12 Responses to ““…I guess that she thought that someone was me””

  1. ‘Daddy issues, if my track record is any indication.’

    Same…but I probably take the opposite approach you do.

    • Earl,

      I’d say it’s possible, certainly.

      But I’d politely ask:

      Don’t be so sure it’s the opposite.

      Maybe different, sure.

      But not opposite.

      Warmest regards,

      A♠

  2. Love your blog. As a Father who has an 18-year old daughter, I feel that all women have daddy-issues to some extent. The problem is that a woman always wants “more”. In my case, my daughter competed with her younger brother for my attention and then there was the divorce with my ex-wife (my daughter was 6 at the time).

    Anyway, the experience of raising a daughter has added a lot to my perspective of women. It’s much easier now to manage “more” and keep a lady’s expectations reasonable.

    • Abledad,

      Sincere thanks for your kind words.

      Thanks for commenting.

      There was – many years ago – a blog post by someone that discussed women want one thing- “more”.

      Sadly, it’s lost to the ether.

      But it was excellent.

      If I may be so bold:

      Please share some of the knowledge you’ve gained that helps to “manage “more” and keep a lady’s expectations reasonable.”

      Should you prefer to email me such, my contact link is in the sidebar.

      Sincerest best to you & yours,

      A♠

      • The answer to managing “more” is simple, and I’ll provide an example.

        To manage “more”, you replace it with “special”. I didn’t go to all of my daughter’s soccer games and choir performances. That simply would have been “more” games and performances. Instead the two of us had times when I would take her to do something “special”, like lunch at a cool diner or video games at an arcade. Those are the experiences that we both treasure.

        So with a lady, don’t give her “more”. Give her “special”, so that she will always want more.

      • walderschmidt Says:

        @Abledad

        More please!

        XD

        Wald

    • Abledad,

      Many thanks for the contribution.

      Hope to see more of you.

      All the best to you and yours,

      A♠

    • Did you find that the divorce intensified these issues of wanting more and competing? (Asking as the father of a 4 1/2 year old daughter).

  3. A♠,

    That’s been my experience too. As the oldest son I was sought out more than once by women with absent fathers – though not abusive ones, to my knowledge.
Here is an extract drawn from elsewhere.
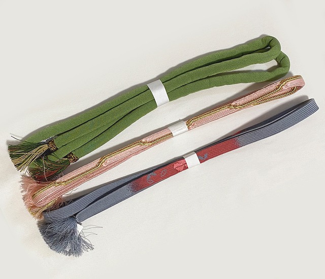 【商品の特徴】 張りのある手触りで確りと打ち込まれた黒の博多織りの地織りに、グレーやくすんだラベンダー色、くすんだ水色などの縞に織り分け、唐花文様や七宝繋ぎなどの柄を白で重ね織りした、全通柄の品。 松葉仕立て。証紙が付いています。 ※小紋や紬などに合わせます。 すっきりとしたシックな雰囲気の良品です。 【寸法】 長さ…3.67M 幅…31㎝ 【状態】 ランク…A 証紙付き

    It rarely worked precisely because my father-figure persona was mingled with too much laissez-faire. I put up with stuff I shouldn’t have and then it was an attempt to get me to be JUST a father figure, and I wasn’t in a relationship for that.

    Friendzone is friendzone. Nothing there for me. And past a certain level of commitment you’ve basically handed your power over to someone who will abuse you with it.

    Knowing the dynamics of attraction better now, maybe it might have worked. But that’s quite the bucking horse.

    Really good advice for ladies dealing with these things. We’ve watched so many burn their lives to the ground over the years. I hope it is disseminated far and wide.

    JD

    • JD,

      As is so often the case:

      Our experiences are very similar.

      Though abuse victims sought (seek?) me out with immense regularity.

      I suppose that’s because I look the way I do.

      Cruel and violent, to be perfectly honest.

      Which I’m neither but the appearance is cultivated intentionally, regardless.

      “Really good advice for ladies dealing with these things. We’ve watched so many burn their lives to the ground over the years. I hope it is disseminated far and wide.”

      Much obliged.

      I hope my post is everything you say.

      All the best to you & yours,

      A♠

  4. walderschmidt Says:

    Would you consider doing a post on birth order and how it might affect your game? Or maybe point in the direction of where you learned about it?

    Specifically, last born, in my case.

    I suppose given the fact that I’m the last born, I’m naturally more selfish and prone to ‘mommy-issues’.

    Wald

  5. Excellent insights, thought-provoking as always.